* WORK REQUEST
Exactly the lines below, starting with the one containing "Zabava, kjer koli" and going on through the one containing "Кожаная куртка утепленная", must be reproduced, both ends included, and no pictures with them.

[Items listed in a dataset]

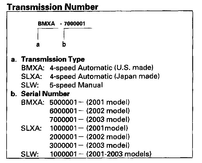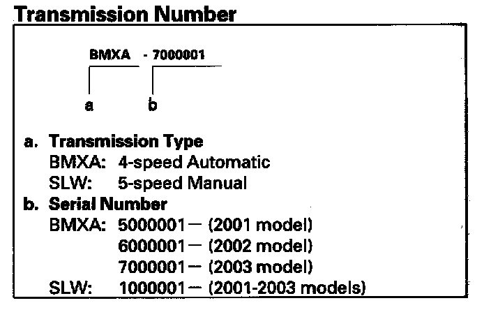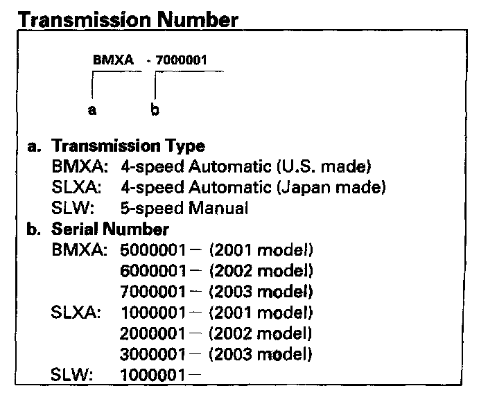 Transmission Number - U.S Model 2-door:
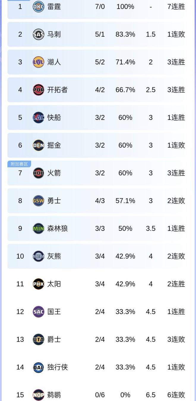 北京时间11月3日,NBA常规赛中,共进行了8场较量,其中包括3场西部内战,雷霆的对手是鹈鹕(主队在前),太阳对马刺,湖人打热火,而爵士以及灰熊则都东征,分别面对黄蜂跟猛龙。今日的比赛战罢,随着湖人3连胜,马刺遭首败,西部最新排行:开拓者第4召回杨瀚森。
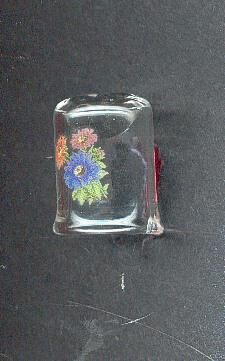 Blown glass with painted flower design on body of thimble.Blue and yellow aster type flowers with green leaves. Recessed knurled top.
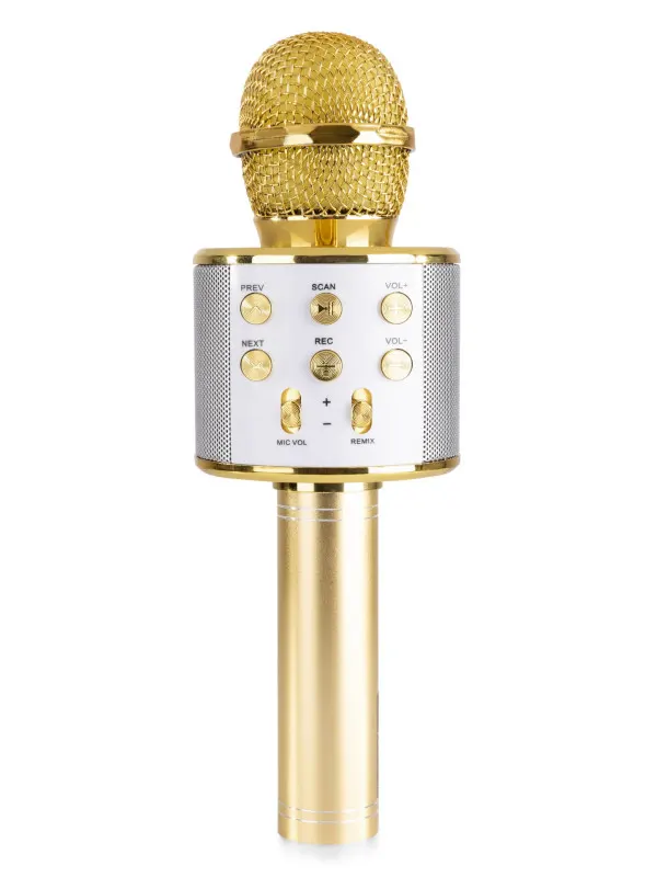 Zabava, kjer koli želite! VONYX KM01 BT/MP3 Gold je brezžični karaoke mikrofon, ki združuje kakovosten zvok, moderno obliko in popolno svobodo gibanja. Idealen je za domače zabave, rojstnodnevne dogodke, druženja ali otroške karaoke večere. Vgrajen Bluetooth modul omogoča enostavno povezavo s pametnim telefonom ali tablico, medtem ko MP3 predvajalnik in LED osvetlitev poskrbita za pravo scensko vzdušje. Zlata barva daje mikrofonu eleganten, luksuzen videz, ki pritegne poglede.
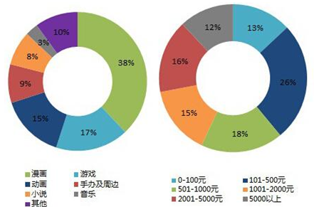 ACG用戶中,內容消費類型排名前三的依次為漫畫(38%)、游戲(17%)和動畫(15%),三者合占70%比例;39%的ACG用戶偏向于支付500元以內的金額,與此同時,支付501-1000元(18%)、1001-2000元(15%)、2001-5000元(16%)、5000元以上(12%)的人群比例分布大致接近,這表明ACG用戶的購買力較強,ACG用戶價值值得重點開發。
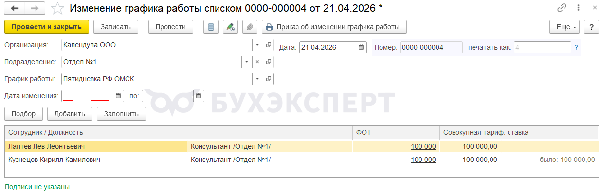 Новые графики назначаем сотрудникам документом Изменение графика работы списком (Кадры — Изменение графиков работы списком).
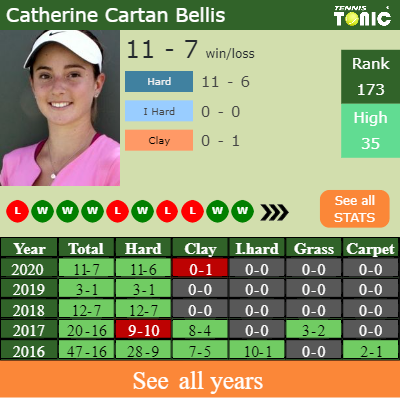 Catherine has a 11-7 win-loss record in 2020, 11-6 on hard (See FULL STATS).
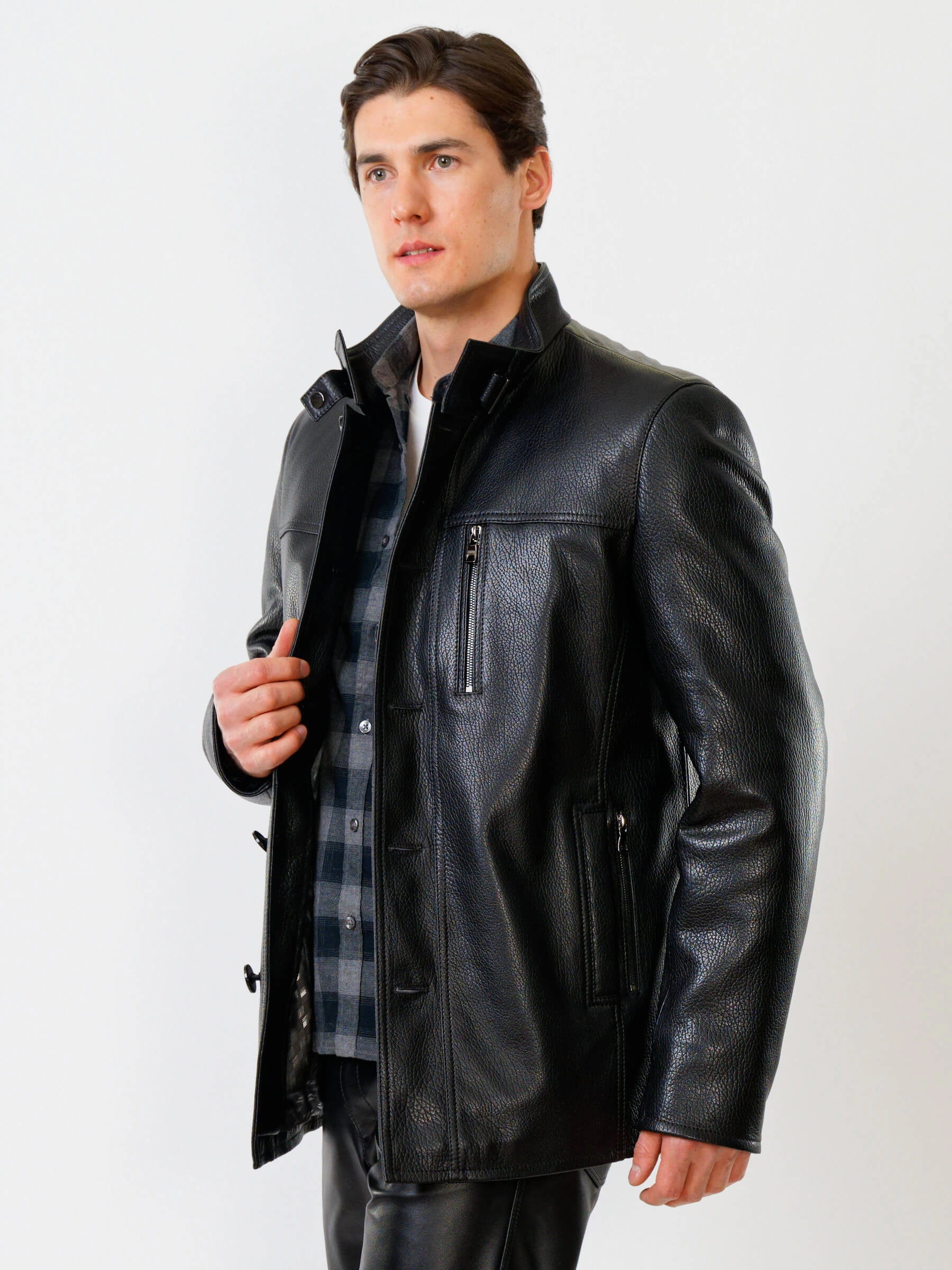 Кожаная куртка утепленная мужская 518ш, черная, размер 46, артикул 40370
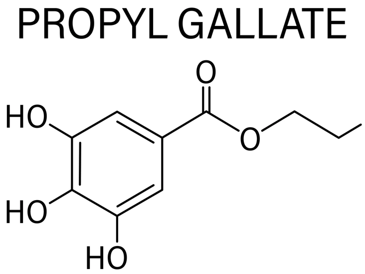 Пропилгаллат часто входит в состав мясных продуктов, растительных масел, картофельных палочек, жевательной резинки и готовых суповых смесей и предотвращает их порчу, в основном действует как консервант. Однако исследования показывают, что регулярное употребление продуктов с содержанием Propyl Gallate может вызвать рак толстой кишки и желудка, так что стоит быть осторожнее.
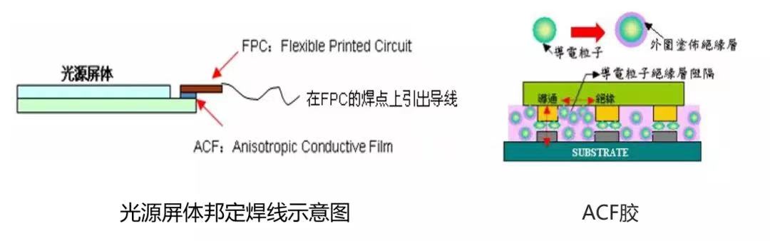 通过ACF各项异形导电胶通过绑定设备将柔性电路板(FPC)绑定到屏体引线区,从而实现与外部的电连接。
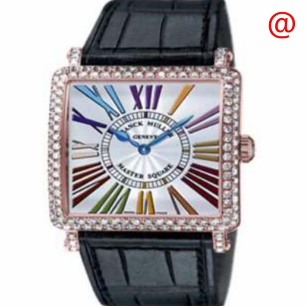 Rose gold-tone 18kt rose gold case with a blue leather strap. Fixed rose gold-tone bezel with diamond set 18kt rose gold. Silver-tone dial with blue hands and Roman numeral hour markers. Minute scale around the inner rim. Dial Type: Analog. Quartz movement. Scratch resistant sapphire crystal. Square case shape, case size: 32 mm. Functions: hour, minute. Additional Info: original box, international warranty card, manual (complete accessories). Master Square Series. Luxury watch style. Watch label: Swiss Made. Franck Muller Master Square Quartz Diamond Silver Dial Ladies Watch 6002MQZDCOLDRBL(5N).
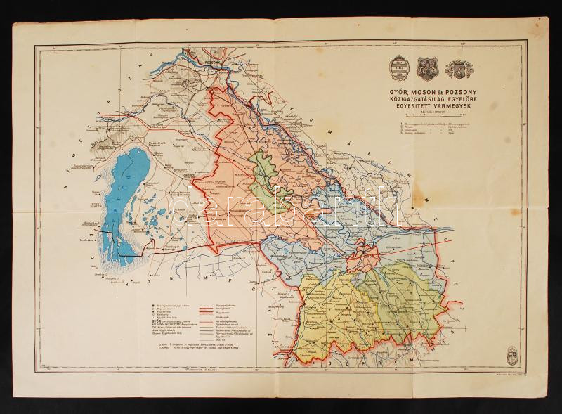 1941 Győr, Moson és Pozsony közigazgatásilag egyelőre egyesített várme... https://www.darabanth.com/de/210-Fernauktion/210.0/Andere-Sammelgebiete/Landkarten~600025/1941-Gyor-Moson-es-Pozsony-kozigazgatasilag-egyelore-egyesitett-varmegyek-terkepe-M-kir~II867637
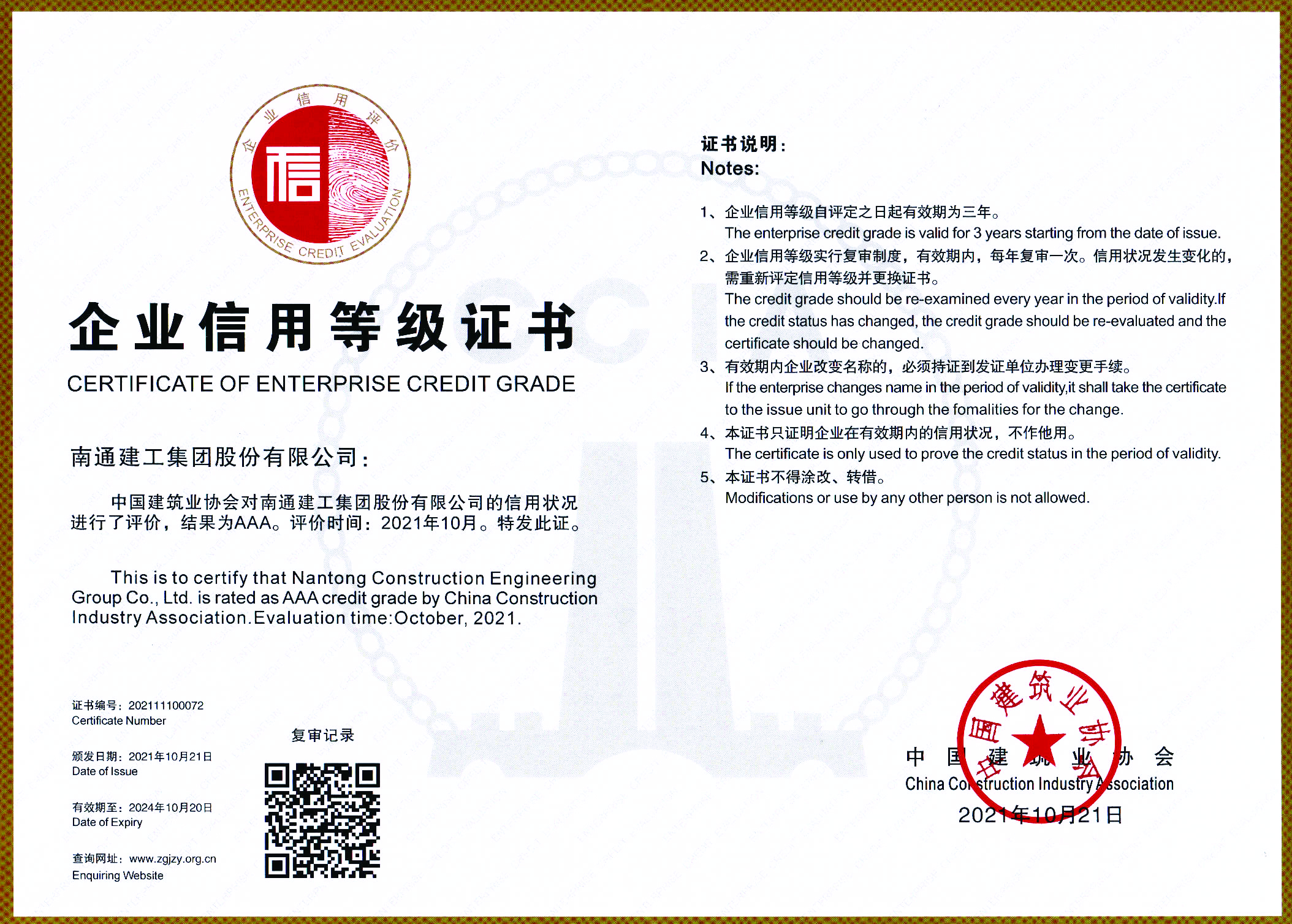 多年来,南通建工集团始终秉承“建楼育人,奉献社会”的企业宗旨,把诚信经营建设作为促进企业转型升级的一项重要任务持续抓、重点抓,坚持把诚信建设贯穿于经营管理全过程,形成企业发展与诚信建设同步提高,取得了良好的社会效益和经济效益。站在“十四五”新起点上,公司将继续发挥行业示范引领作用,进一步推动诚信体系建设,规范市场行为,向社会奉献更多精品工程,努力谱写民营建筑企业高质量发展和推动社会进步的新篇章。
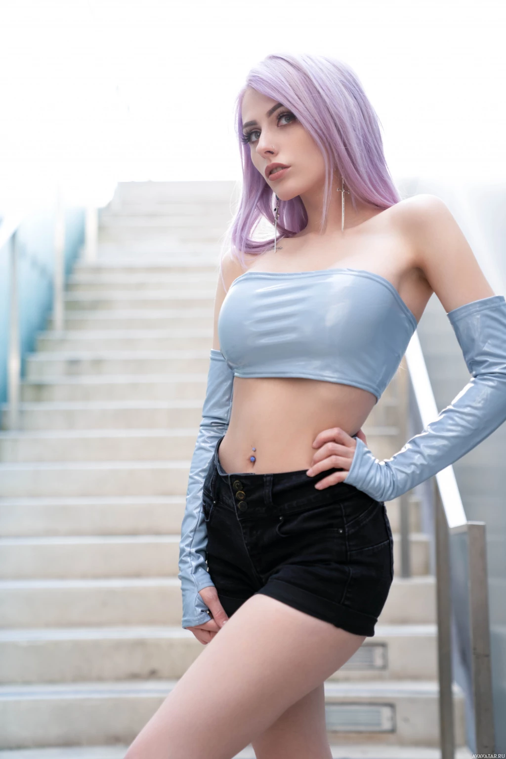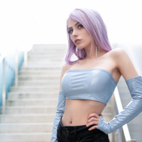The image shows a person with purple hair, wearing a blue crop top and shorts. They are posing confidently in front of stairs, seemingly on an outdoor street setting. The person has a visible tattoo on their upper arm.

* EXERCISE SOLUTION
 Zabava, kjer koli želite! VONYX KM01 BT/MP3 Gold je brezžični karaoke mikrofon, ki združuje kakovosten zvok, moderno obliko in popolno svobodo gibanja. Idealen je za domače zabave, rojstnodnevne dogodke, druženja ali otroške karaoke večere. Vgrajen Bluetooth modul omogoča enostavno povezavo s pametnim telefonom ali tablico, medtem ko MP3 predvajalnik in LED osvetlitev poskrbita za pravo scensko vzdušje. Zlata barva daje mikrofonu eleganten, luksuzen videz, ki pritegne poglede.
 ACG用戶中,內容消費類型排名前三的依次為漫畫(38%)、游戲(17%)和動畫(15%),三者合占70%比例;39%的ACG用戶偏向于支付500元以內的金額,與此同時,支付501-1000元(18%)、1001-2000元(15%)、2001-5000元(16%)、5000元以上(12%)的人群比例分布大致接近,這表明ACG用戶的購買力較強,ACG用戶價值值得重點開發。
 Новые графики назначаем сотрудникам документом Изменение графика работы списком (Кадры — Изменение графиков работы списком).
 Catherine has a 11-7 win-loss record in 2020, 11-6 on hard (See FULL STATS).
 Кожаная куртка утепленная мужская 518ш, черная, размер 46, артикул 40370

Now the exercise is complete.